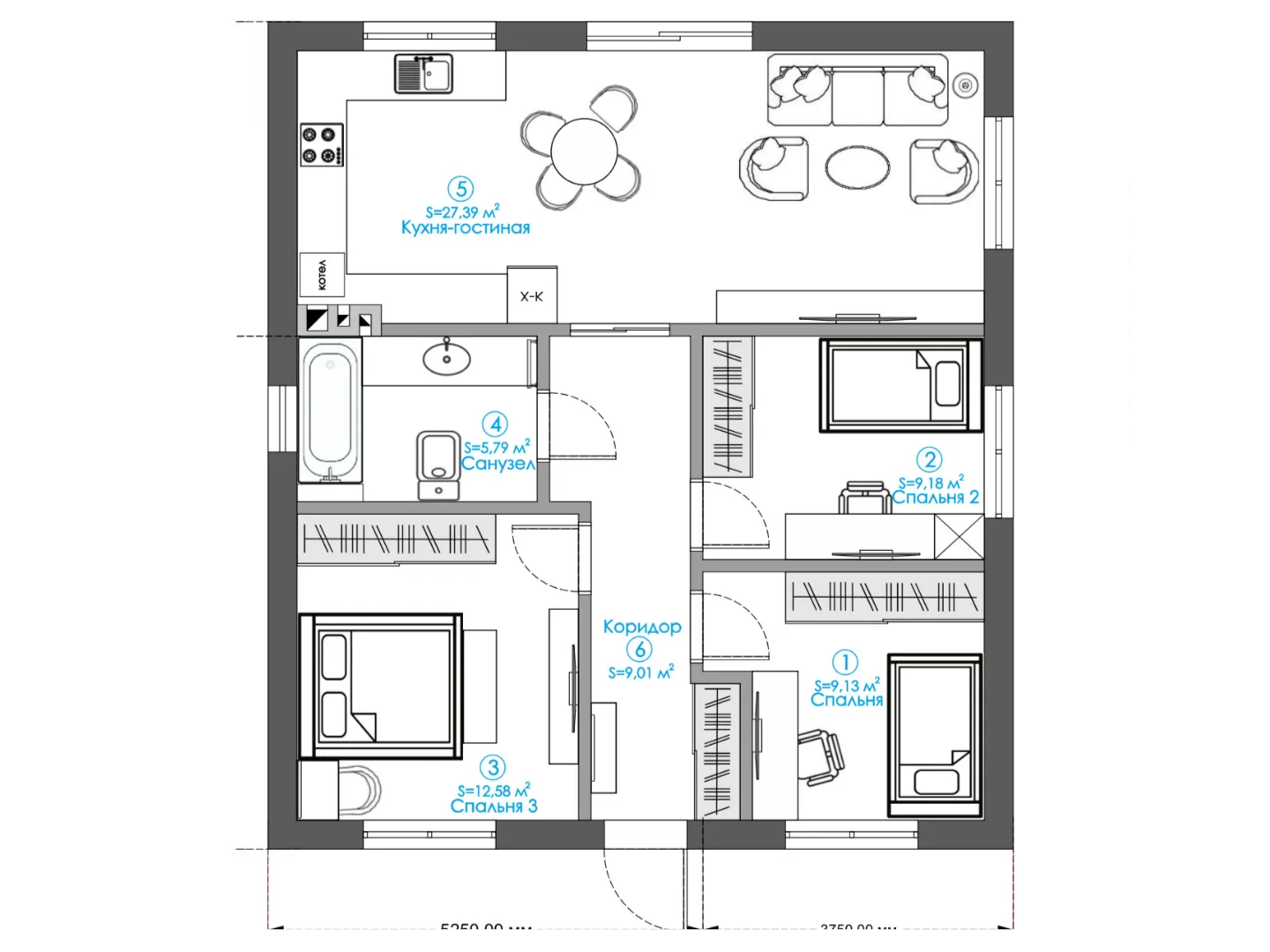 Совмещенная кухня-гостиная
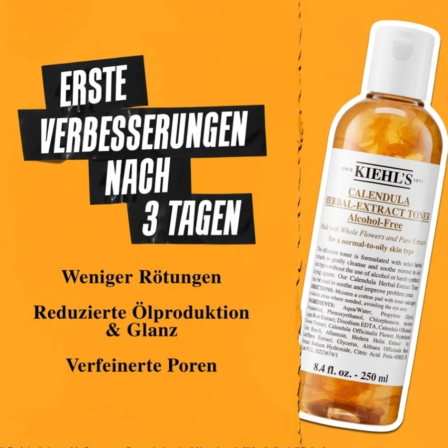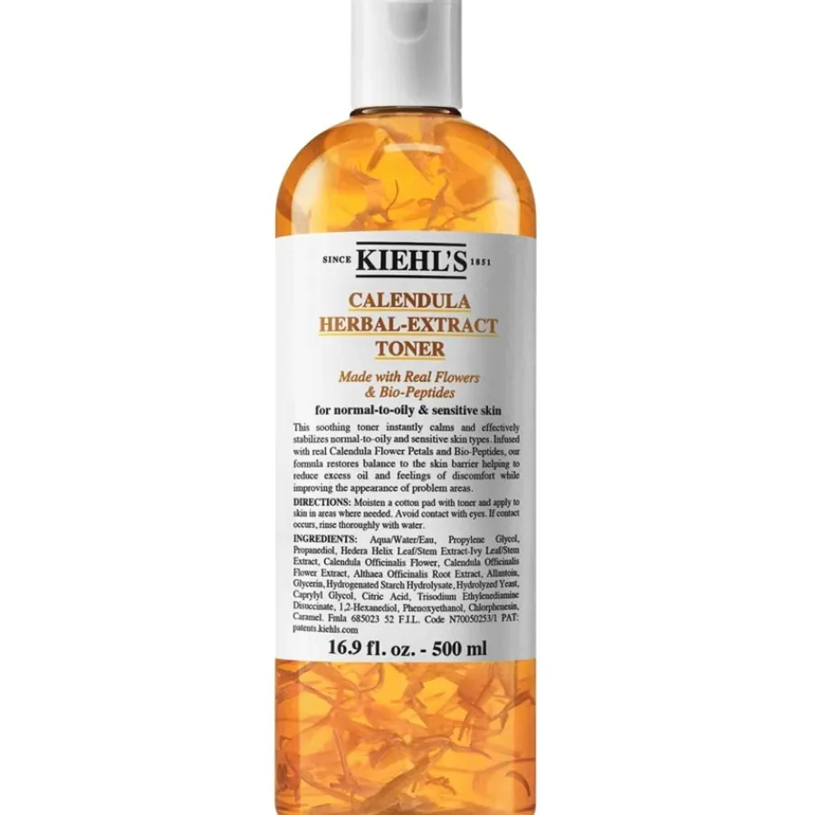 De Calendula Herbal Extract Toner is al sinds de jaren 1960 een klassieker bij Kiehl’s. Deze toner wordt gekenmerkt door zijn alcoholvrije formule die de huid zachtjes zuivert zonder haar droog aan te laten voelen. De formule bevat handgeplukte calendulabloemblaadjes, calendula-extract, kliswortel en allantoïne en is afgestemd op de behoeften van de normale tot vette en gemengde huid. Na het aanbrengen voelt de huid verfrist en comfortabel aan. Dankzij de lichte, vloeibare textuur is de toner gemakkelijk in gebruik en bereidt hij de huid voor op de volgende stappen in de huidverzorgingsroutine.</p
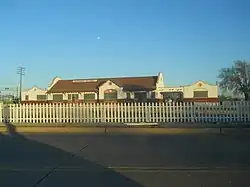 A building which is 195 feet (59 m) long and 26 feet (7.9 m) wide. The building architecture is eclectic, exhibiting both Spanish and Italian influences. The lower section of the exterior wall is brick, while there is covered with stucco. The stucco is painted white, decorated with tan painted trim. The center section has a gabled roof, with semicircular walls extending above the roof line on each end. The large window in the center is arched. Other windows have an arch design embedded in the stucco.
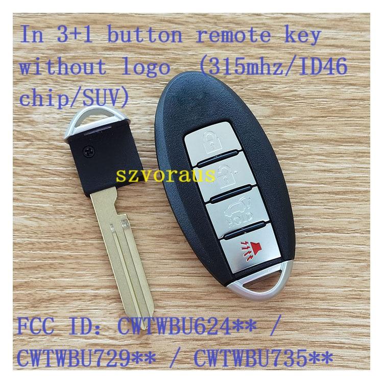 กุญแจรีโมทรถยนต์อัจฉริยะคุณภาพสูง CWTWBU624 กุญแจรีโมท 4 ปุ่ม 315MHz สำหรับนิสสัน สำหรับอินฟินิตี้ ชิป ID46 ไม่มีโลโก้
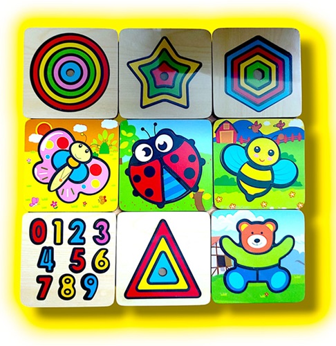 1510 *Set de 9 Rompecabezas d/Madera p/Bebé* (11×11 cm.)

* * *

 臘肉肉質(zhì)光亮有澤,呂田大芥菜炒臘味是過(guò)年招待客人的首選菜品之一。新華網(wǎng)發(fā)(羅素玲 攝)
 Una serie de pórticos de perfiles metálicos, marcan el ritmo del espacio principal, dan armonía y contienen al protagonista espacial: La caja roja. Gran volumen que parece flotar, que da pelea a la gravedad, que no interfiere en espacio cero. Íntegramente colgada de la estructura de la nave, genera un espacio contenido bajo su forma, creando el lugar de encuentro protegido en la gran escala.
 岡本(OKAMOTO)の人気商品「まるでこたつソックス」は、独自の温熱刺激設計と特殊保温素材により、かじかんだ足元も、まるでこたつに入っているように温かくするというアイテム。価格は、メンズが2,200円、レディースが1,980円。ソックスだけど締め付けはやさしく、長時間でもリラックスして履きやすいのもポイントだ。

...

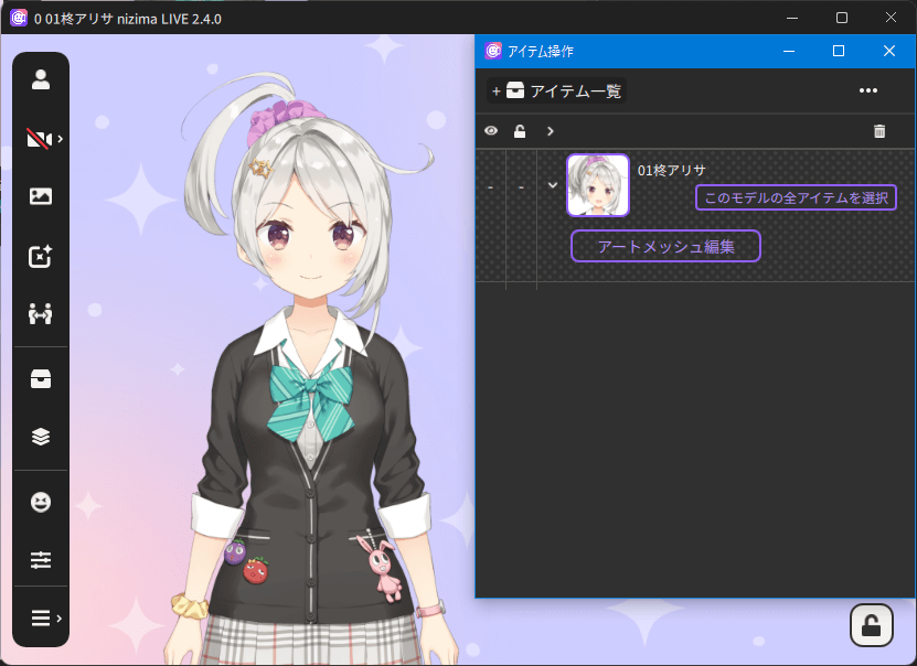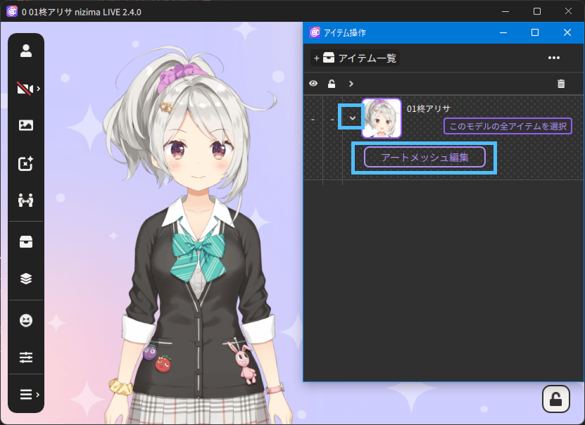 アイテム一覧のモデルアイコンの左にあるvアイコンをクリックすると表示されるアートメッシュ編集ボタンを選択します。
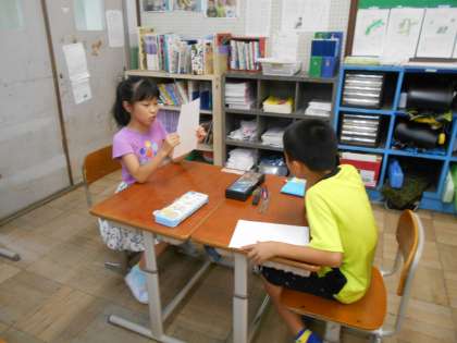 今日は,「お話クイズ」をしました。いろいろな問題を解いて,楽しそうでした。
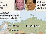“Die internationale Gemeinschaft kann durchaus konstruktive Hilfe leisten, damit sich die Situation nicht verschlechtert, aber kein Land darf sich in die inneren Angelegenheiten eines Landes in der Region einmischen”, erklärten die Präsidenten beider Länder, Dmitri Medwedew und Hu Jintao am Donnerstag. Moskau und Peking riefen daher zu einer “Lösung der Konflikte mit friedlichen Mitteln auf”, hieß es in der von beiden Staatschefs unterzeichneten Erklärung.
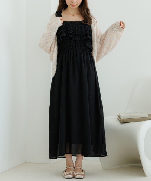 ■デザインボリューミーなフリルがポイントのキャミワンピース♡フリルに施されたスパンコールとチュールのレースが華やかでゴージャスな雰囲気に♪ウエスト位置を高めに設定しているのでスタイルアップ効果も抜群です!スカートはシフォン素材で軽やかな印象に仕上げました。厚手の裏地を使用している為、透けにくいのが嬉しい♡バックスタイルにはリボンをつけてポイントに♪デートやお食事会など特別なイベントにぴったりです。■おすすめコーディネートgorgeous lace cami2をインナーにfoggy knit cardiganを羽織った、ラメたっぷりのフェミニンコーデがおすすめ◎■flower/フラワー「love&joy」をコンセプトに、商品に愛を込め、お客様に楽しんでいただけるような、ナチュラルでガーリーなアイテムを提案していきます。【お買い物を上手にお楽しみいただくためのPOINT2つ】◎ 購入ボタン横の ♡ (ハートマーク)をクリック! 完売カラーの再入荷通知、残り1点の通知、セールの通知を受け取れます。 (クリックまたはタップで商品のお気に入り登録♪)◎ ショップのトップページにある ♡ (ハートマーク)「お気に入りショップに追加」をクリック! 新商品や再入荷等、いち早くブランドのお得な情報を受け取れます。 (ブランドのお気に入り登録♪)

→ **AIM OF THE EXERCISE**: Out of the data above, set down the lines from the one with "Una serie de" to the one with "岡本(OKAMOTO)の人気", both included, exactly as written and with no additions.

→ **COMPLETED TASK**:
 Una serie de pórticos de perfiles metálicos, marcan el ritmo del espacio principal, dan armonía y contienen al protagonista espacial: La caja roja. Gran volumen que parece flotar, que da pelea a la gravedad, que no interfiere en espacio cero. Íntegramente colgada de la estructura de la nave, genera un espacio contenido bajo su forma, creando el lugar de encuentro protegido en la gran escala.
 岡本(OKAMOTO)の人気商品「まるでこたつソックス」は、独自の温熱刺激設計と特殊保温素材により、かじかんだ足元も、まるでこたつに入っているように温かくするというアイテム。価格は、メンズが2,200円、レディースが1,980円。ソックスだけど締め付けはやさしく、長時間でもリラックスして履きやすいのもポイントだ。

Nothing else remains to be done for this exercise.